:: AVAILABLE DATA ::

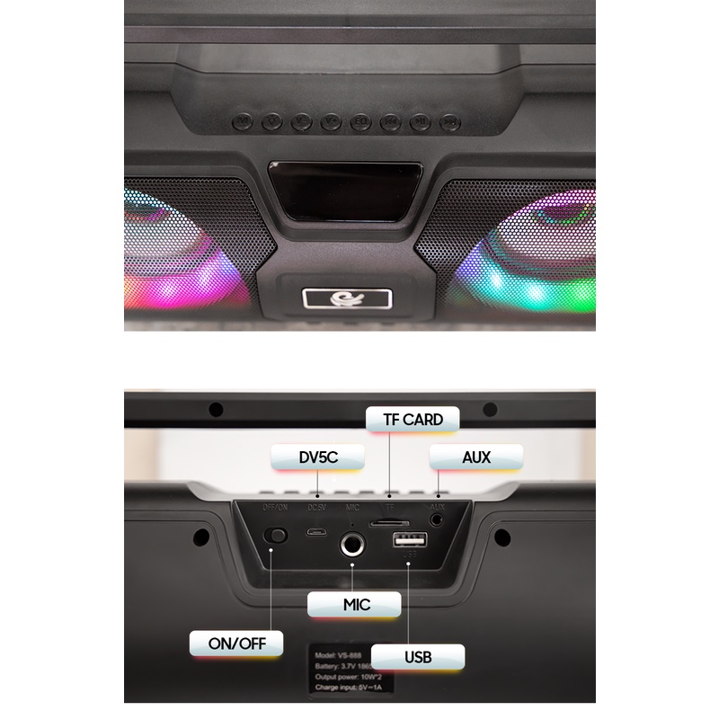 Loa Bluetooth Xách Tay VS-888 tặng kèm Micro, USB hiệu ứng LED, thanh âm cựa hay - Giao màu ngẫu nhiên
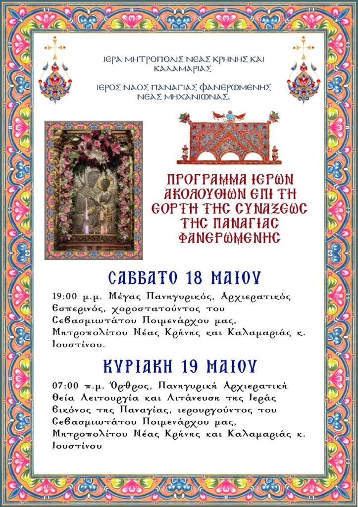 15 Μάι Πρόγραμμα πανηγύρεως Συνάξεως Ιεράς Εικόνος Παναγίας Φανερωμένης στον Ι.Ν. Παναγίας Φανερωμένης Νέας Μηχανιώνας
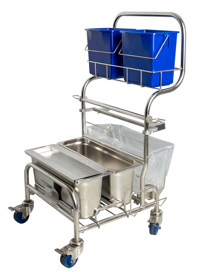 Het Contec Hands Free Mop Saturation System is meer dan een eenvoudige cleanroom trolley; het is een integraal onderdeel van uw reinigingsprotocol. Het systeem wordt geleverd op een robuuste, lichtgewicht roestvrijstalen kar, met twee 17L RVS emmers. De configuratie is ontworpen voor maximale gebruiksvriendelijkheid en minimalisering van procedures.
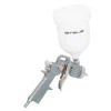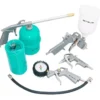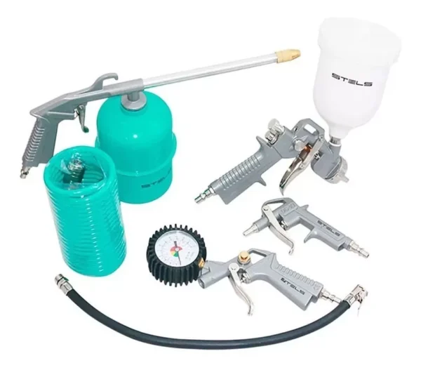 Composto por pistola pneumática com tanque baixo de alumínio, pistola para limpeza, mangueira de ar espiral, calibrador de pneus com manômetro e pulverizador pneumático com bico longo e tanque baixo.
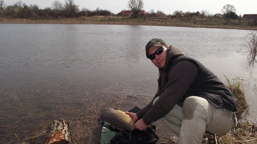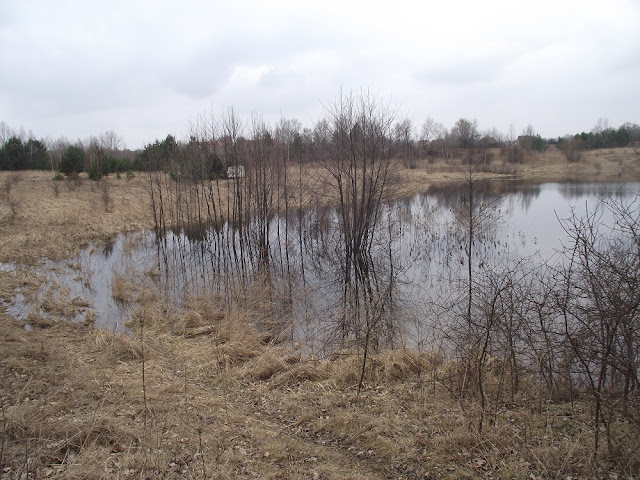 Wybór łowiska na pierwszą w tym sezonie zasiadkę nie był przypadkowy, w planach był niewielki zbiornik, gdzie woda szybciej się nagrzewa i gdzie zlokalizowanie karpi nie jest tak trudne jak w przypadku dużej wody, padło na niewielką gliniankę nieopodal Odry. To była glinianka PZW, od zeszłego roku przeszła w ręce karpiarzy, powstaje tam nowe łowisko karpiowe, o dzikim charakterze, woda kryje niezły potencjał, ale nie jest to łatwe łowisko, po spiętrzeniu wody o ponad dwa metry, kryje mnóstwo zatopionych trzcin, także dokładne rozpoznanie i sondowanie dna to podstawa na tej wodzie.
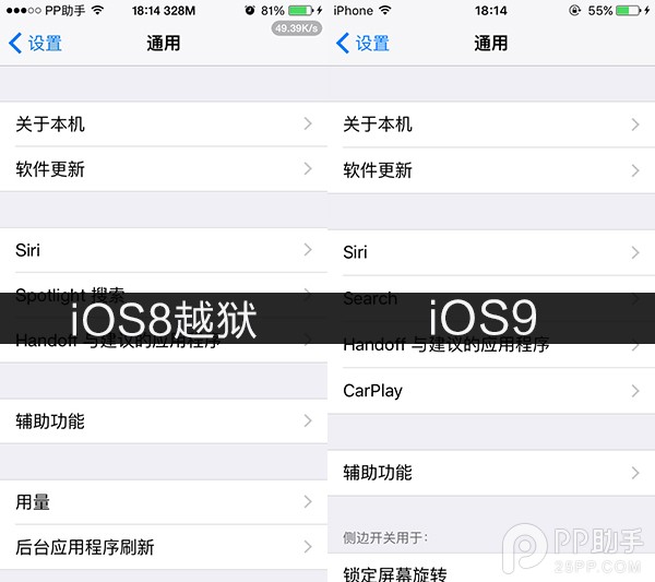 附上iOS8越獄後與iOS9字體效果對比圖:
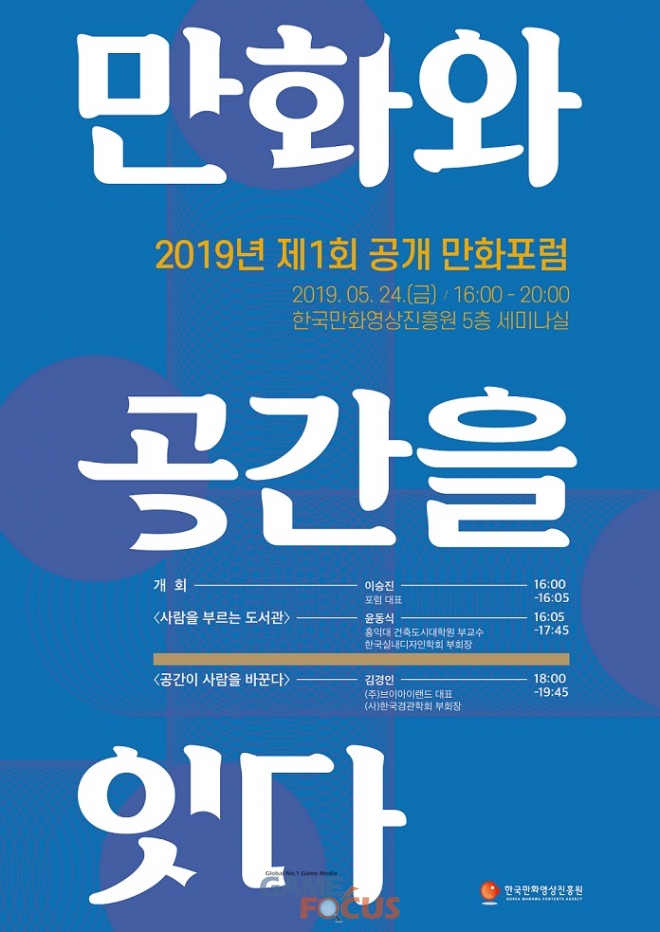 한국만화영상진흥원(이사장 김동화)이 오는 24일(금) 오후 4시, 5층 세미나실에서 2019년 제1회 공개 만화포럼 '만화와 공간을 잇다'를 개최한다.

:::

REQUIRED ACTION: Without the pictures, transcribe the listing exactly as it stands.

RESPONSE TO THIS EXERCISE:
 Loa Bluetooth Xách Tay VS-888 tặng kèm Micro, USB hiệu ứng LED, thanh âm cựa hay - Giao màu ngẫu nhiên
 15 Μάι Πρόγραμμα πανηγύρεως Συνάξεως Ιεράς Εικόνος Παναγίας Φανερωμένης στον Ι.Ν. Παναγίας Φανερωμένης Νέας Μηχανιώνας
 Het Contec Hands Free Mop Saturation System is meer dan een eenvoudige cleanroom trolley; het is een integraal onderdeel van uw reinigingsprotocol. Het systeem wordt geleverd op een robuuste, lichtgewicht roestvrijstalen kar, met twee 17L RVS emmers. De configuratie is ontworpen voor maximale gebruiksvriendelijkheid en minimalisering van procedures.
 Composto por pistola pneumática com tanque baixo de alumínio, pistola para limpeza, mangueira de ar espiral, calibrador de pneus com manômetro e pulverizador pneumático com bico longo e tanque baixo.
 Wybór łowiska na pierwszą w tym sezonie zasiadkę nie był przypadkowy, w planach był niewielki zbiornik, gdzie woda szybciej się nagrzewa i gdzie zlokalizowanie karpi nie jest tak trudne jak w przypadku dużej wody, padło na niewielką gliniankę nieopodal Odry. To była glinianka PZW, od zeszłego roku przeszła w ręce karpiarzy, powstaje tam nowe łowisko karpiowe, o dzikim charakterze, woda kryje niezły potencjał, ale nie jest to łatwe łowisko, po spiętrzeniu wody o ponad dwa metry, kryje mnóstwo zatopionych trzcin, także dokładne rozpoznanie i sondowanie dna to podstawa na tej wodzie.
 附上iOS8越獄後與iOS9字體效果對比圖:
 한국만화영상진흥원(이사장 김동화)이 오는 24일(금) 오후 4시, 5층 세미나실에서 2019년 제1회 공개 만화포럼 '만화와 공간을 잇다'를 개최한다.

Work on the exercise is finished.